Tribbles homolog 2 (TRIB2) is known to boost liver tumorigenesis via regulating Ubiquitin (Ub) proteasome system (UPS). At least two ways are involved, i.e., acts as an adaptor protein to modulate ubiquitination functions of certain ubiquitin E3 ligases (E3s) and reduces global Ub levels via increasing the proteolysis activity of proteasome. Recently, we have identified the role of TRIB2 to relieve oxidative damage via reducing the availability of Ub that is essential for the ubiquitination and subsequent degradation of Glutathione peroxidase 4 (GPX4). Although GPX4 is a critical antioxidant factor to protect against ferroptosis, the exact evidence showing that TRIB2 desensitizes ferroptosis is lacking. Also, whether such function is via E3 remains unclear. Here, we demonstrated that deletion of TRIB2 sensitized ferroptosis via lifting labile iron in liver cancer cells. By contrast, overexpression of TRIB2 led to the opposite outcome. We further demonstrated that transferrin receptor (TFRC) was required for TRIB2 to desensitize the cells to ferroptosis. Without TFRC, the labile iron pool could not be reduced by overexpressing TRIB2. We also found that beta-transducin repeat containing E3 ubiqutin protein ligase (βTrCP) was a genuine E3 for the ubiquitination of TFRC, and TRIB2 was unable to decline labile iron level once upon βTrCP was knocked out. In addition, we confirmed that the opposite effects on ferroptosis and ferroptosis-associated lipid reactive oxygen species (ROS) generation resulted from knockout and overexpression of TRIB2 were all indispensible of TFRC and βTrCP. Finally, we demonstrated that TRIB2 exclusively manipulated RSL3- and erastin-induced-ferroptosis independent of GPX4 and glutathione (GSH). In conclusion, we elucidated a novel role of TRIB2 to desensitize ferroptosis via E3 βTrCP, by which facilitates TFRC ubiquitiation and finally decreases labile iron in liver cancer cells.

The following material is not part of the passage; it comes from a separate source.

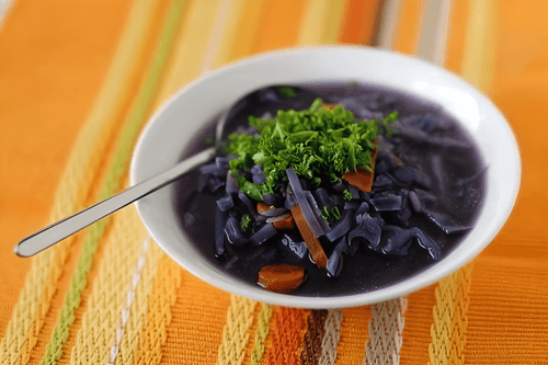 Этот необычный суп из краснокочанной капусты с копченой курицей имеет глубокие корни в китайской кухне, сочетая сладость капусты и дымный аромат курицы. Его насыщенный пурпурный цвет делает блюдо не только вкусным, но и эффектным на столе. Пряности, такие как гвоздика, корица и мускатный орех, придают супу теплый восточный оттенок, а красный винный уксус добавляет пикантности и балансирует сладость овощей. Картофель и морковь делают его сытным, а зелень петрушки придаёт свежесть. Этот суп идеально подходит для холодных вечеров, когда хочется согреться богатым, ароматным и насыщенным вкусом. Он прекрасно сочетается со свежим хлебом или рисом, а его нежная копченая курица делает каждую ложку незабываемой.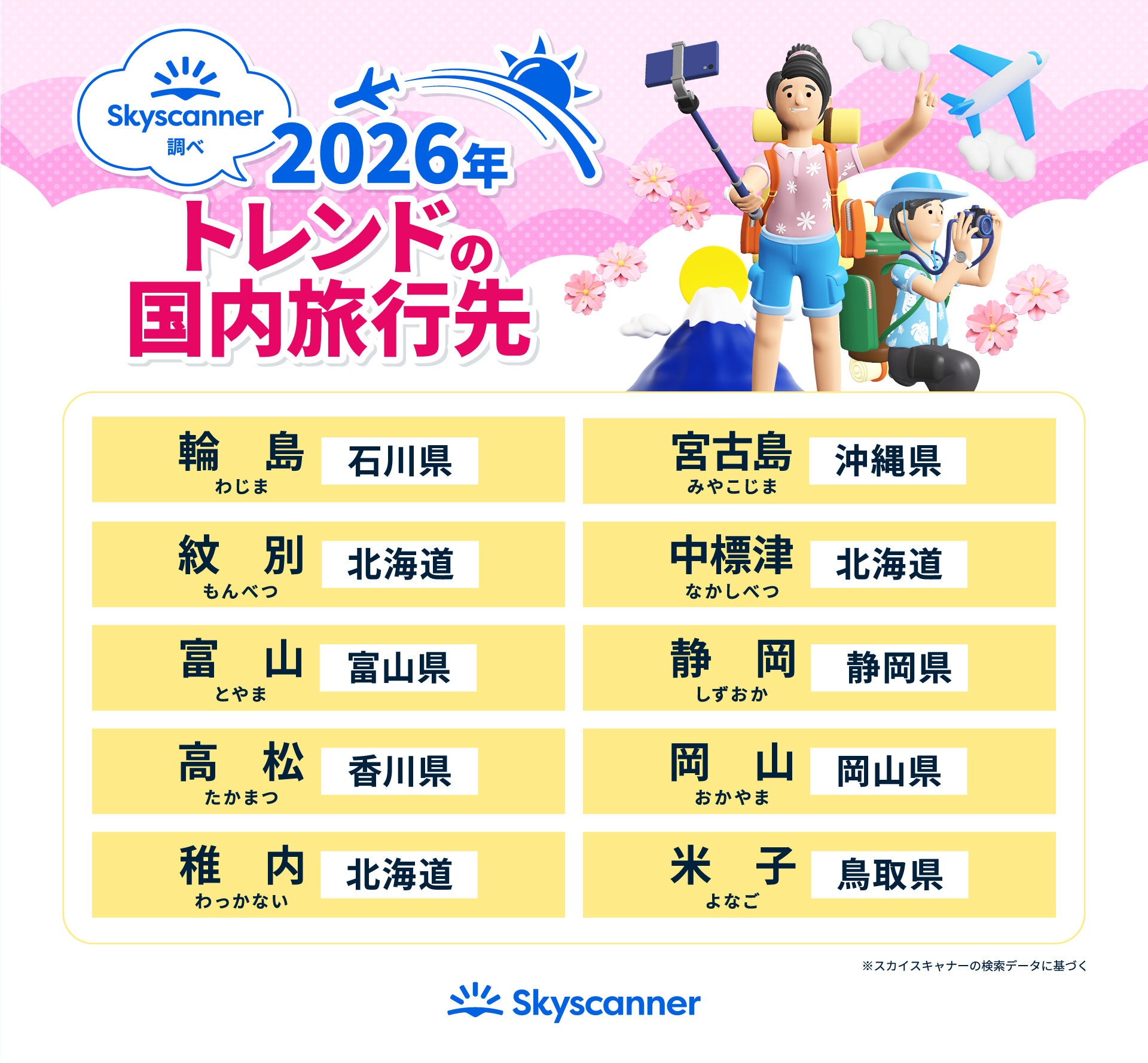 この度、スカイスキャナー独自の検索データ数万件以上を分析し、 日本人旅行者および海外の旅行者、それぞれにおける「2026年 トレンドの “国内”旅行先」を発表します。

已知 Tribbles 同源物 2 (TRIB2) 通过调节泛素 (Ub) 蛋白酶体系统 (UPS) 促进肝脏肿瘤发生。至少涉及两种方式，即作为衔接蛋白调节某些泛素 E3 连接酶 (E3s) 的泛素化功能，并通过增加蛋白酶体的蛋白水解活性降低整体 Ub 水平。最近，我们已经确定了 TRIB2 通过降低 Ub 的可用性来减轻氧化损伤的作用，Ub 对于泛素化和随后的谷胱甘肽过氧化物酶 4 (GPX4) 的降解至关重要。尽管 GPX4 是防止铁死亡的关键抗氧化因子，但缺乏表明 TRIB2 使铁死亡脱敏的确切证据。此外，此类功能是否通过 E3 尚不清楚。这里，我们证明了 TRIB2 的缺失通过提升肝癌细胞中的不稳定铁而对铁死亡敏感。相比之下，TRIB2 的过度表达导致相反的结果。我们进一步证明了转铁蛋白受体 (TFRC) 是 TRIB2 使细胞对铁死亡脱敏所必需的。如果没有 TFRC，过表达 TRIB2 就无法减少不稳定的铁池。我们还发现含有 E3 泛素蛋白连接酶 (βTrCP) 的 β-转导重复序列是用于 TFRC 泛素化的真正 E3，一旦 βTrCP 被敲除，TRIB2 就无法降低不稳定铁水平。此外，我们证实TRIB2的敲除和过表达对铁死亡和铁死亡相关脂质活性氧（ROS）产生的相反影响都是TFRC和βTrCP不可或缺的。最后，我们证明了 TRIB2 独立于 GPX4 和谷胱甘肽 (GSH) 专门操纵 RSL3 和erastin 诱导的铁死亡。总之，我们阐明了 TRIB2 通过 E3 βTrCP 使铁死亡脱敏的新作用，通过它促进 TFRC 泛素化并最终减少肝癌细胞中的不稳定铁。